Pirate Juggernaut — Tier 5 · 250,000 cr · 60,000 XP Dreadnought class from the pirate yards, with a +10% damage bonus in raids. Slower to escape than anything else in the raider line but capable of absorbing and delivering punishment that ends conversations decisively.


Corsair Line

Corsairs combine decent cargo with the best escape ratings in the game — 60% across the entire line. The preferred choice for pirates who want to stay alive and profitable at the same time.

Rogue’s Gambit — Tier 1 · 5,000 cr · no XP required The escape artist entry point. Not the most capable ship in any particular stat, but it will get you out of a bad situation faster than almost anything else at this tier.

Freebooter — Tier 2 · 15,000 cr · 2,000 XP High-agility frame built for captains who plan to operate in contested space and need to disengage cleanly when the math stops working in their favor.

Blackheart — Tier 3 · 40,000 cr · 8,000 XP The corsair line flagship for most mid-game pirates. Named for the shipyard that built the first one, which has been building them ever since. Reliable, respected, and feared in the right sectors.

Crimson Eclipse — Tier 4 · 100,000 cr · 25,000 XP Shadow fleet configuration. Fast, capable, and carries enough cargo to make every successful run worthwhile. The preferred ship of pirate captains who have been around long enough to have opinions about ships.

Pirate Dominion — Tier 5 · 250,000 cr · 60,000 XP Corsair capital class, with a +5% bonus to all activities. Carries a full fighter complement, meaningful cargo capacity, and the highest escape rating in the game. A ship that is difficult to pin down and expensive to take on.


Choosing Your Ship

The right ship depends on your playstyle more than anything else.

If you are trading, cargo holds are everything. Move to the next tier of trader as soon as your XP and credits allow — the cargo difference compounds with every run.

If you are fighting, fighters and torpedoes matter more than cargo. A well-equipped war or raider ship can hold sectors that softer vessels have to avoid.

If you are doing both, the balanced and corsair lines give you flexibility without fully committing to either extreme — and the best odds of walking away when a fight was a mistake.

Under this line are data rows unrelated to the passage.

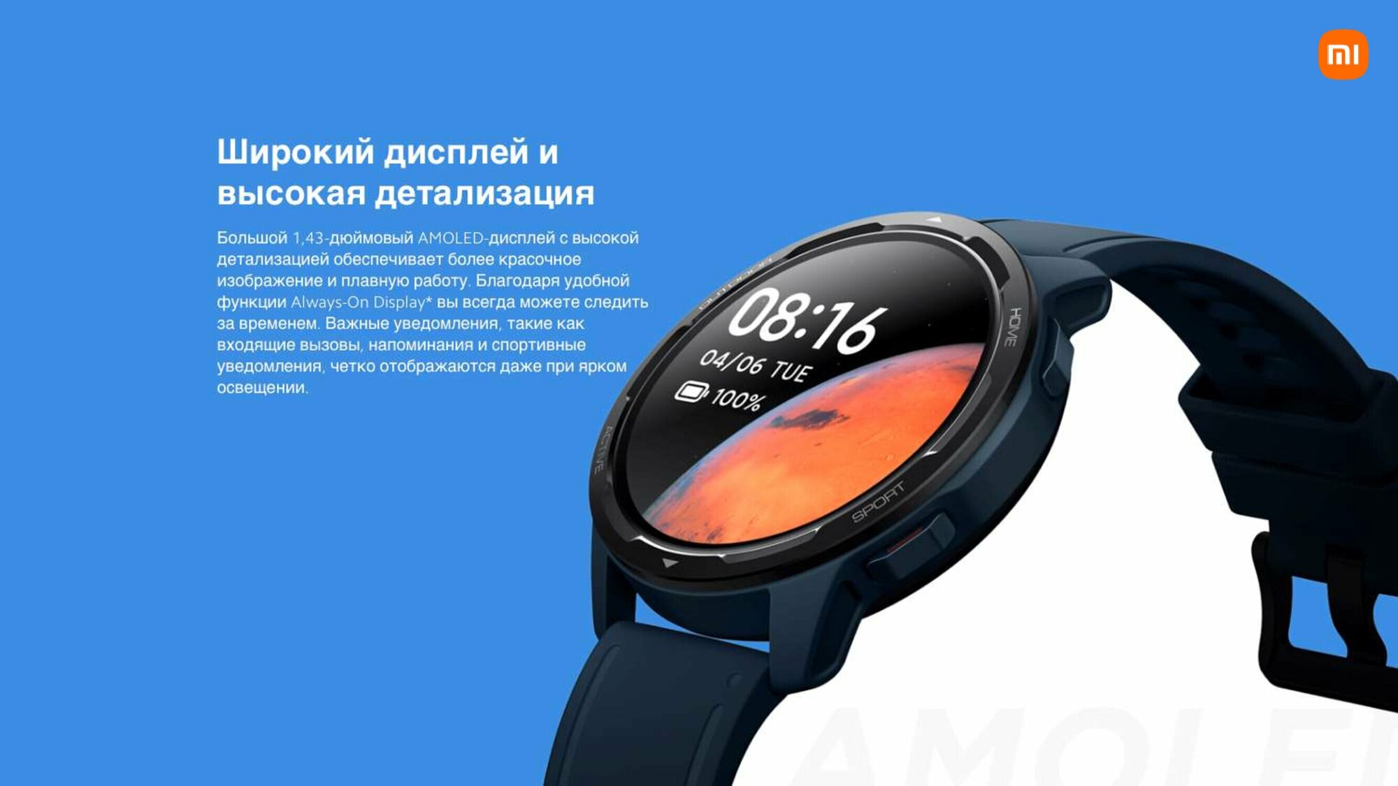 Умные наручные смарт часы электронные мужские Сяоми (S1) Watch Active GL (Blue Ocean) (BHR5467GL). Датчики: GPS-трекер, Акселерометр, Гироскоп
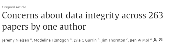 2024年5月,澳大利亚妇产科医生Ben Mol等人在《Journal of Gynecology Obstetrics and Human Reproduction》上发表了一篇论文[1],指出130篇论文存在数据完整性问题。这些研究均由埃及妇产科医生Ahmed Abbas撰写,这些论文中Abbas通常担任合著者或通讯作者。
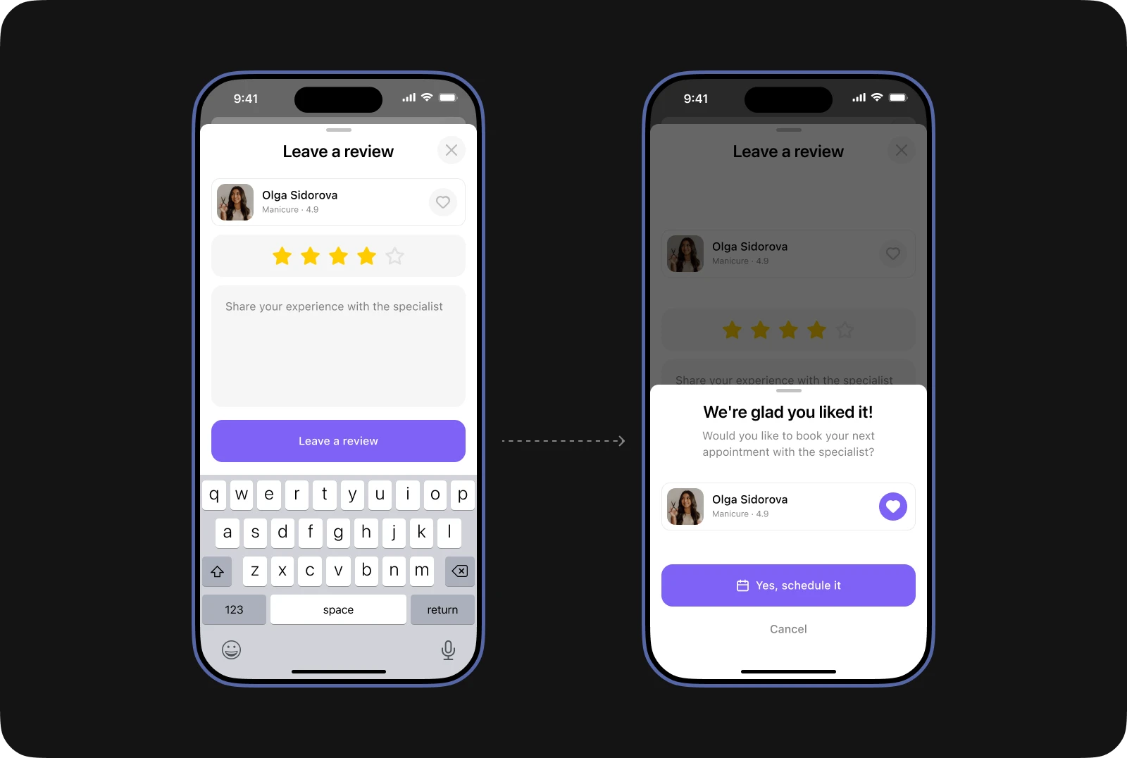Screens of leaving a review
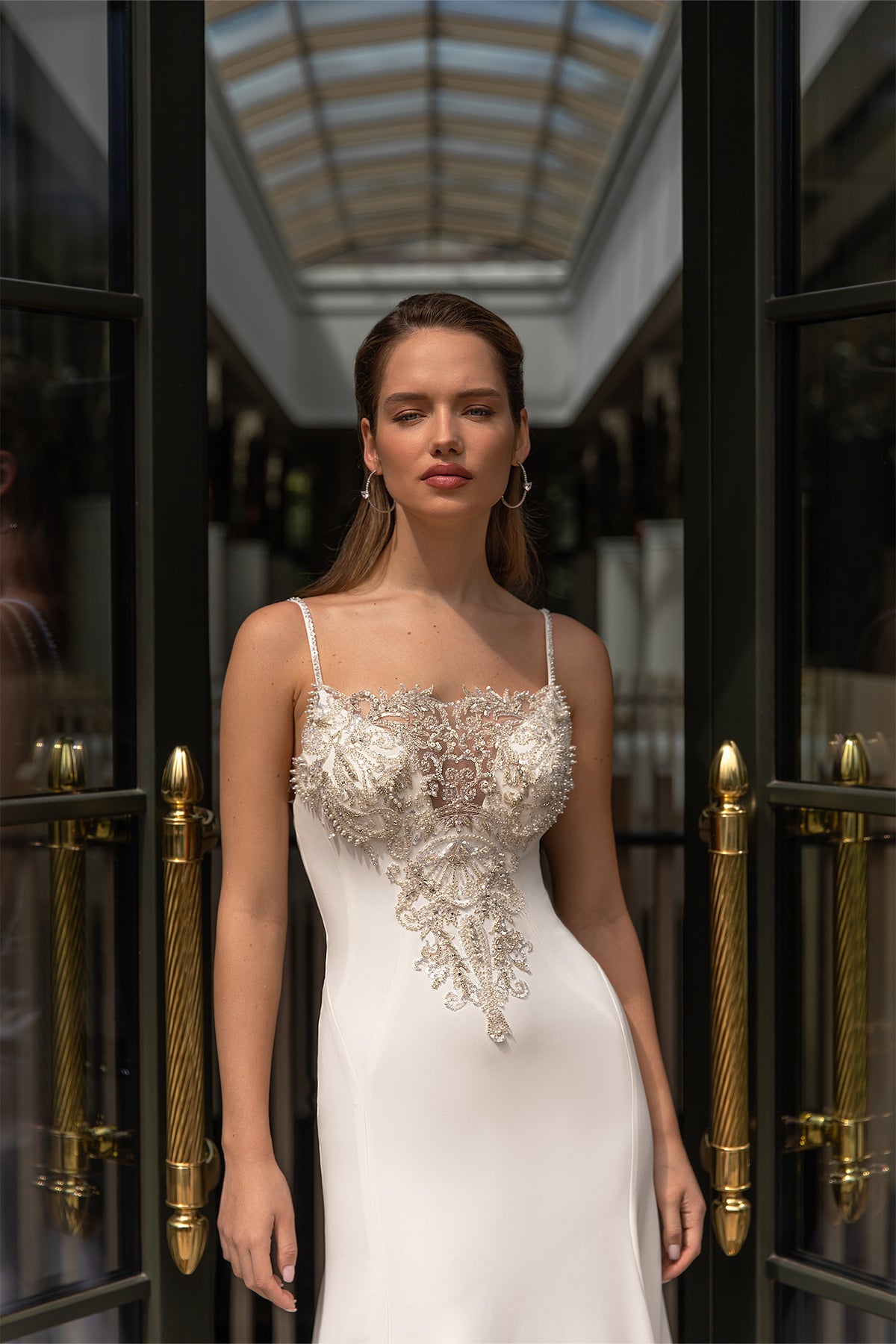 The Maria Anette 5340 Dress is a daring bridal gown featuring a square neckline framed by sheer tulle panels and an intricately embroidered, beaded bodice. Sheer bishop sleeves add volume and elegance, while the flowing A-line skirt with a sheer tulle overlay creates a graceful silhouette. A delicate bow waist tie adds a bold yet feminine finishing touch.

If everything else is equal and you can dock at both kinds of starport, the Pirate mirror of any ship is simply the better hull: same stats, same price, 10 more points of escape.

Upgrade the ship, not the dream. A tier 3 ship you can actually afford is more useful than a tier 5 ship that empties your bank and leaves nothing for cargo — especially now that the tier 5 hull you’re saving for might be sold out by the time you get there.